-- Data block --
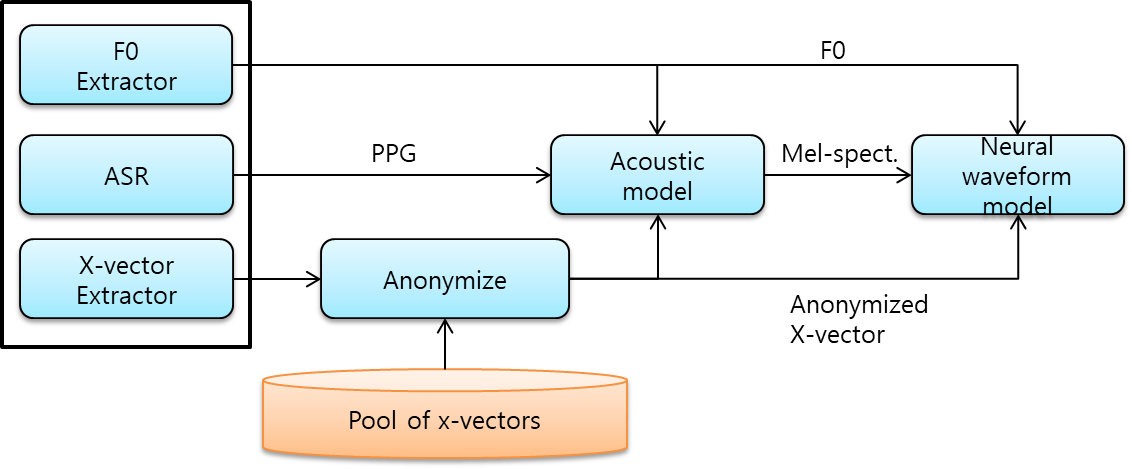 x-vector를 이용한 화자 익명화 방법 음성 데이터에서 개인의 데이터를 공유하는 것은 보안 및 개인정보 보호문제에 있어서 많은 문제점이 있다. 뿐만 아니라 사용자의 음성 데이터를 획득하여 음성 합성 시스템(TTS)을 적용하여 화자의 음성 발언을 생성할 수 있고 범죄에 이용될 수도 있다. 그래서 음성 데이터를 공유하기 전에 화자의 신원을 숨기는 기술이 개발되었고, 이 기술이 바로 화자 익명화 기술이다. 1. 화자 익명화 시스템 구조 입력 음성에 대하여 음성 인식 (ASR, Automatic Speech Recognition)을 진행하고, 기본 주파수(F0, Fundamental Frequency)와 x-vector에 대한 특징을 추출하는 과정을 먼저 진행한다. 그런다음 DNN 기반의 ASR 시스템을 사..
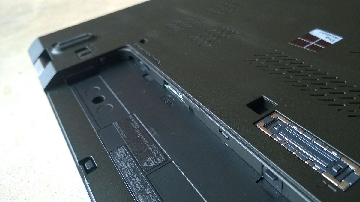 Na levé straně 2x USB 3.0, MiniDP (tohle nechválím), výdech chlazení. Zadní a přední strana nic. Na spodní straně naleznete dokovac konektor. Slot na SIM kartu je pod baterii.
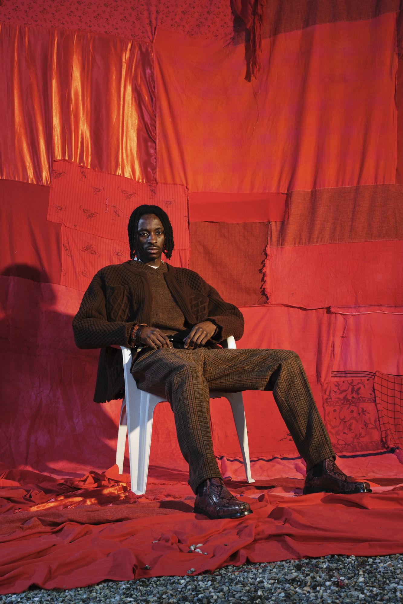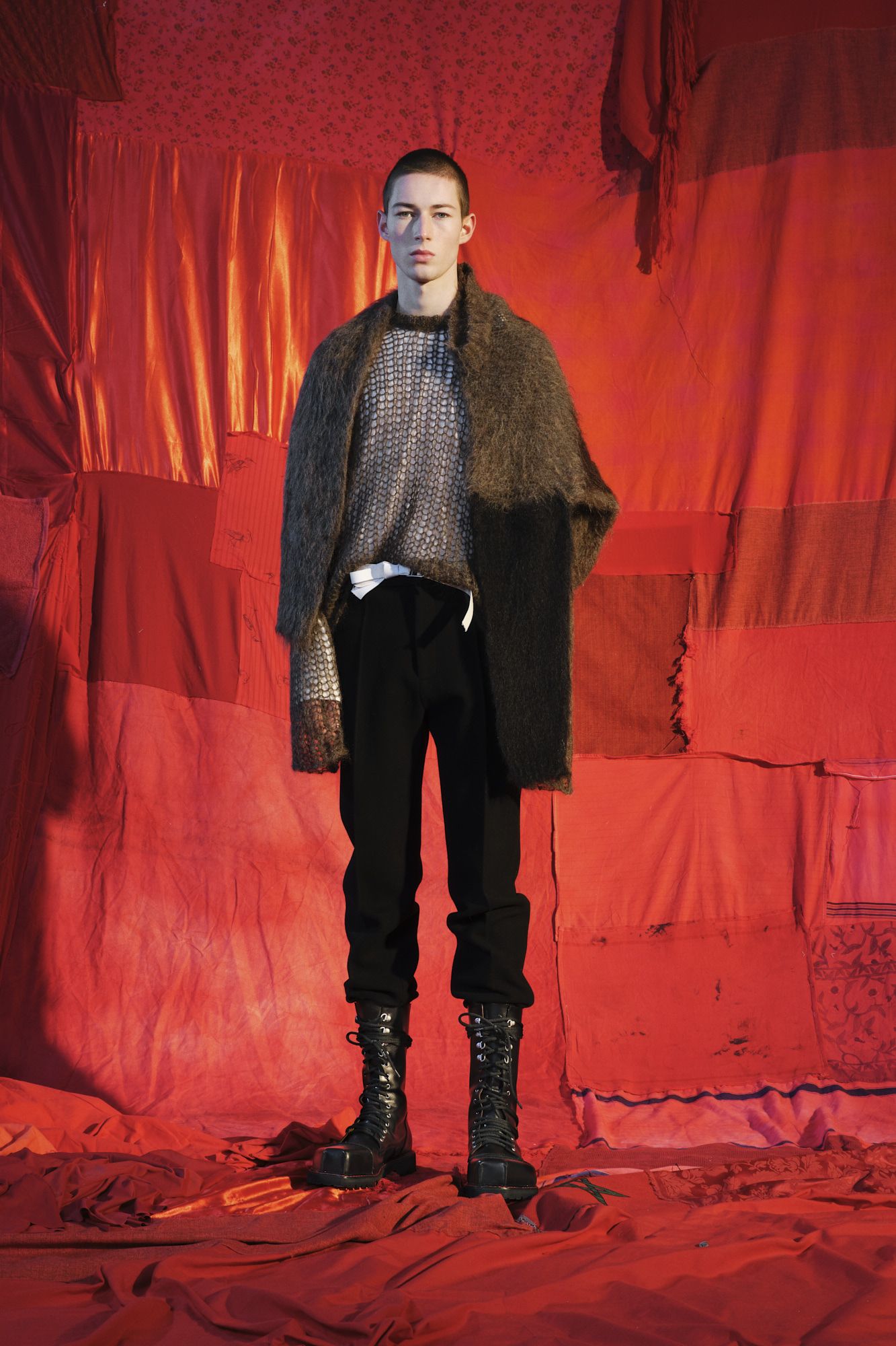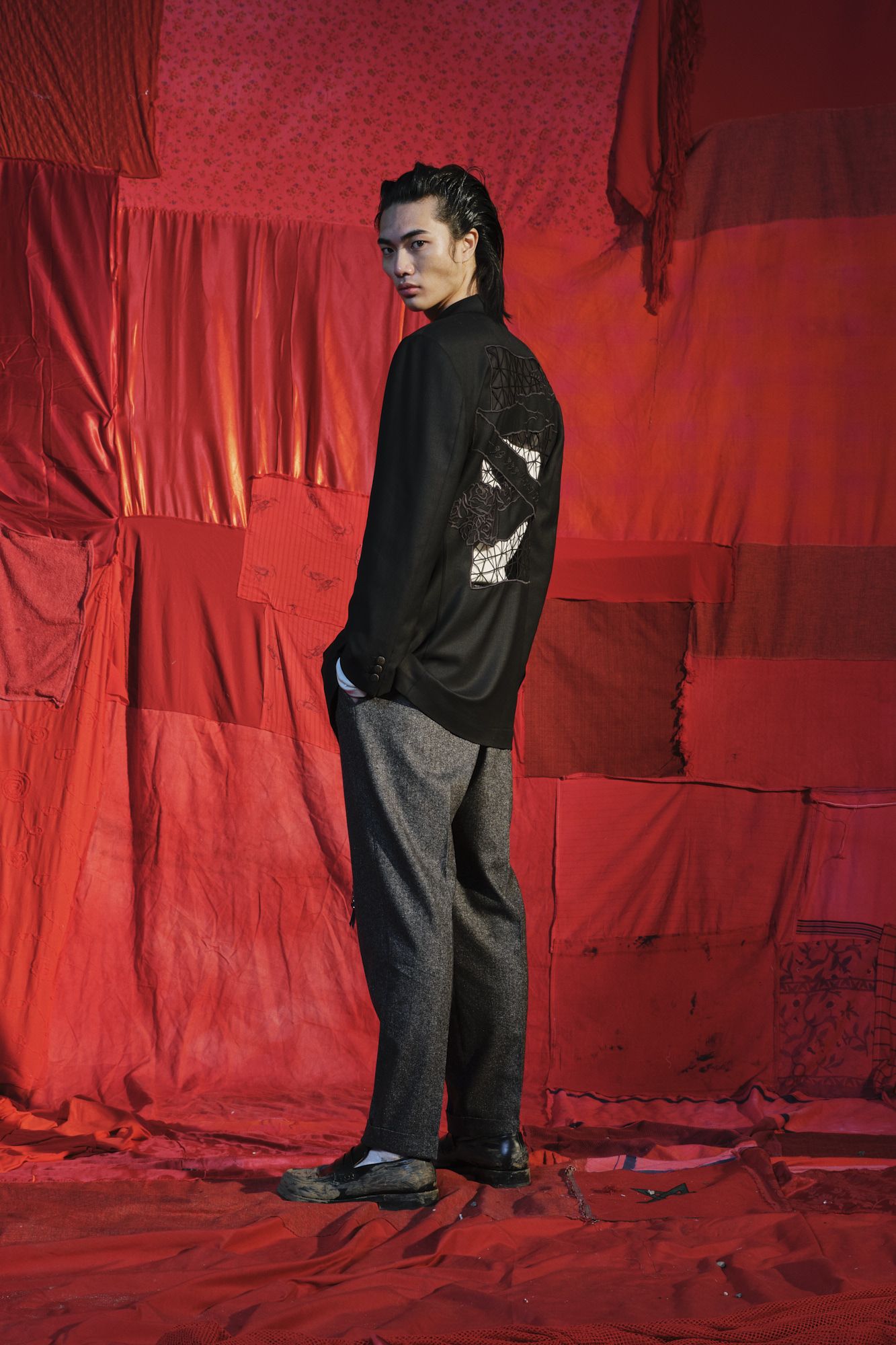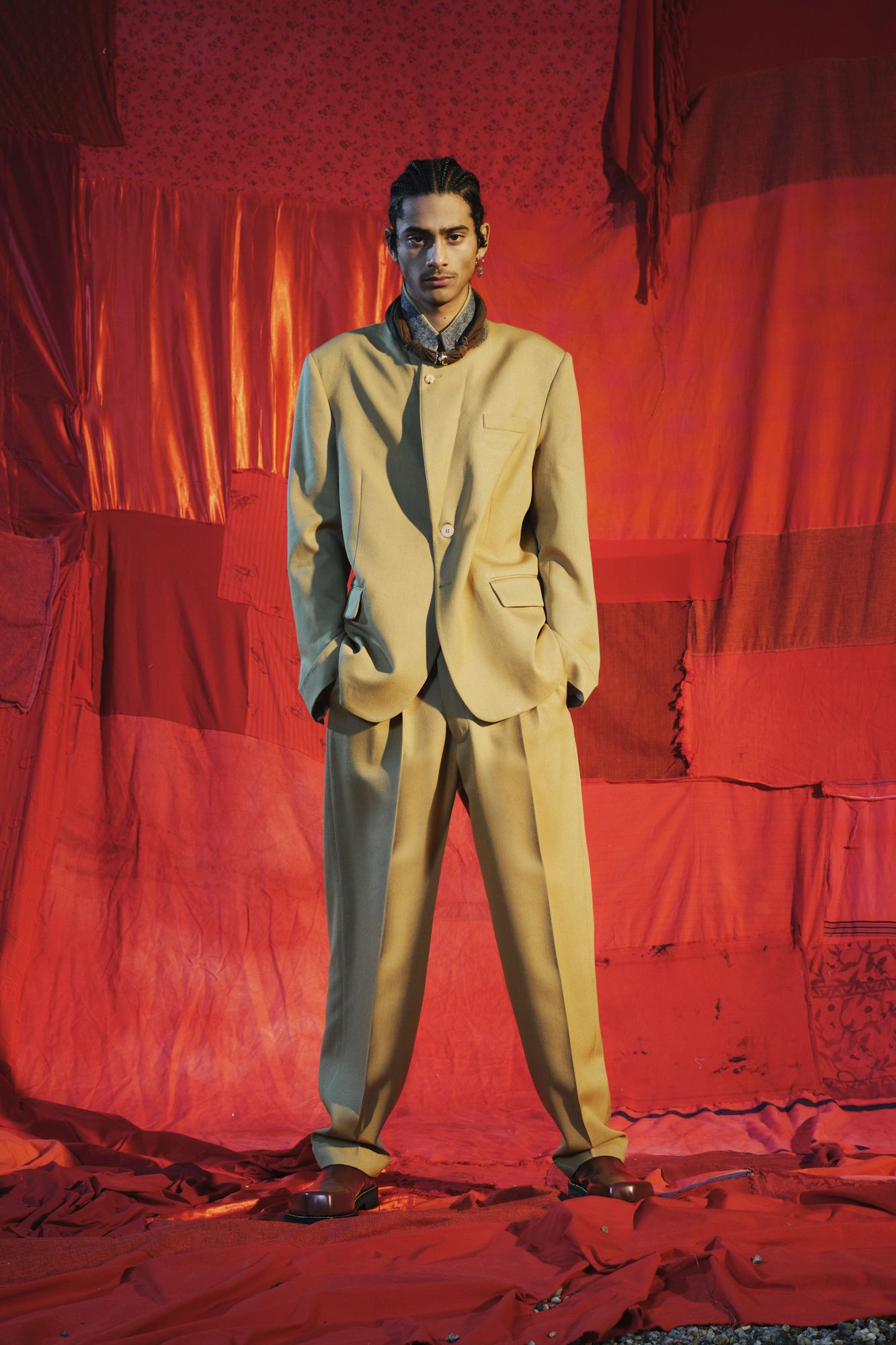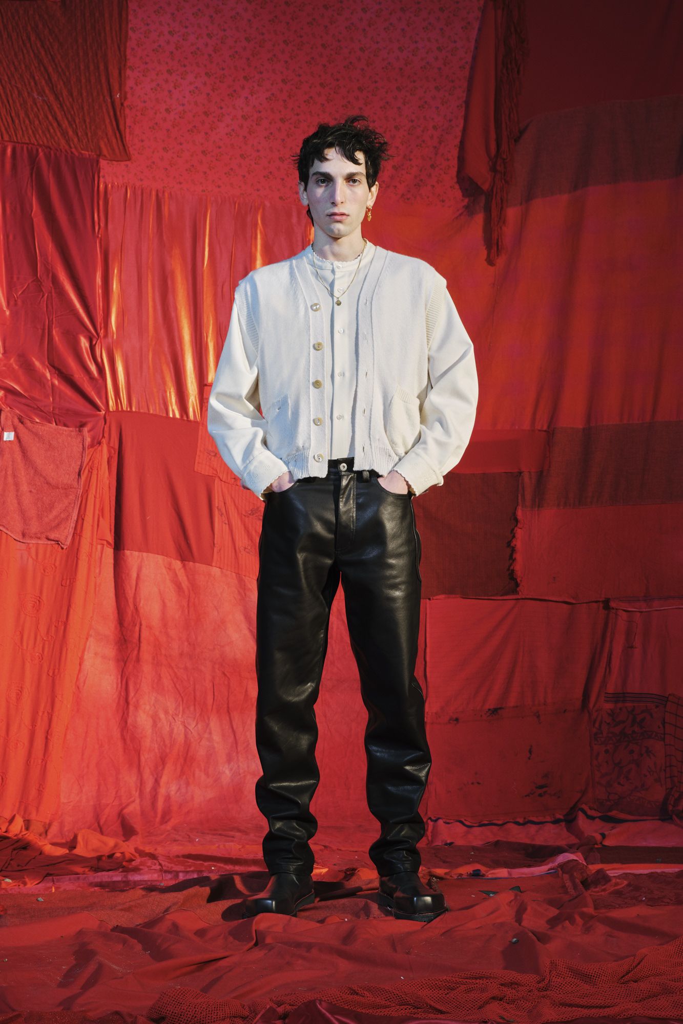 The range of garments is narrow and concise – a collection that wants to evoke pavese's lyrics, suspended between mythology and peasant civilization, but also Le Belle Bandiere di Pasolini and class struggles. A collection therefore on which, in the same words as the designer, «a particular patina, symptom of the time passing, sedimented in the Magliano wardrobe», symbolized by tweeds and almost archaic, durable fabrics, reminiscent of ancient work clothes. Not for this reason, however, Luca Magliano has renounced his usual irony and his innuendos, inserting in the cast of his characters the "Cruiser" and the "Frocialist" alongside workers and peasants, the punk group CCCP, the memories of the writer Yukio Mishima and the activist Angela Davis.

-- Work to be completed --
Reproduce the material in full, word for word, and omit the pictures.

-- Response --
 x-vector를 이용한 화자 익명화 방법 음성 데이터에서 개인의 데이터를 공유하는 것은 보안 및 개인정보 보호문제에 있어서 많은 문제점이 있다. 뿐만 아니라 사용자의 음성 데이터를 획득하여 음성 합성 시스템(TTS)을 적용하여 화자의 음성 발언을 생성할 수 있고 범죄에 이용될 수도 있다. 그래서 음성 데이터를 공유하기 전에 화자의 신원을 숨기는 기술이 개발되었고, 이 기술이 바로 화자 익명화 기술이다. 1. 화자 익명화 시스템 구조 입력 음성에 대하여 음성 인식 (ASR, Automatic Speech Recognition)을 진행하고, 기본 주파수(F0, Fundamental Frequency)와 x-vector에 대한 특징을 추출하는 과정을 먼저 진행한다. 그런다음 DNN 기반의 ASR 시스템을 사..
 Na levé straně 2x USB 3.0, MiniDP (tohle nechválím), výdech chlazení. Zadní a přední strana nic. Na spodní straně naleznete dokovac konektor. Slot na SIM kartu je pod baterii.
 The range of garments is narrow and concise – a collection that wants to evoke pavese's lyrics, suspended between mythology and peasant civilization, but also Le Belle Bandiere di Pasolini and class struggles. A collection therefore on which, in the same words as the designer, «a particular patina, symptom of the time passing, sedimented in the Magliano wardrobe», symbolized by tweeds and almost archaic, durable fabrics, reminiscent of ancient work clothes. Not for this reason, however, Luca Magliano has renounced his usual irony and his innuendos, inserting in the cast of his characters the "Cruiser" and the "Frocialist" alongside workers and peasants, the punk group CCCP, the memories of the writer Yukio Mishima and the activist Angela Davis.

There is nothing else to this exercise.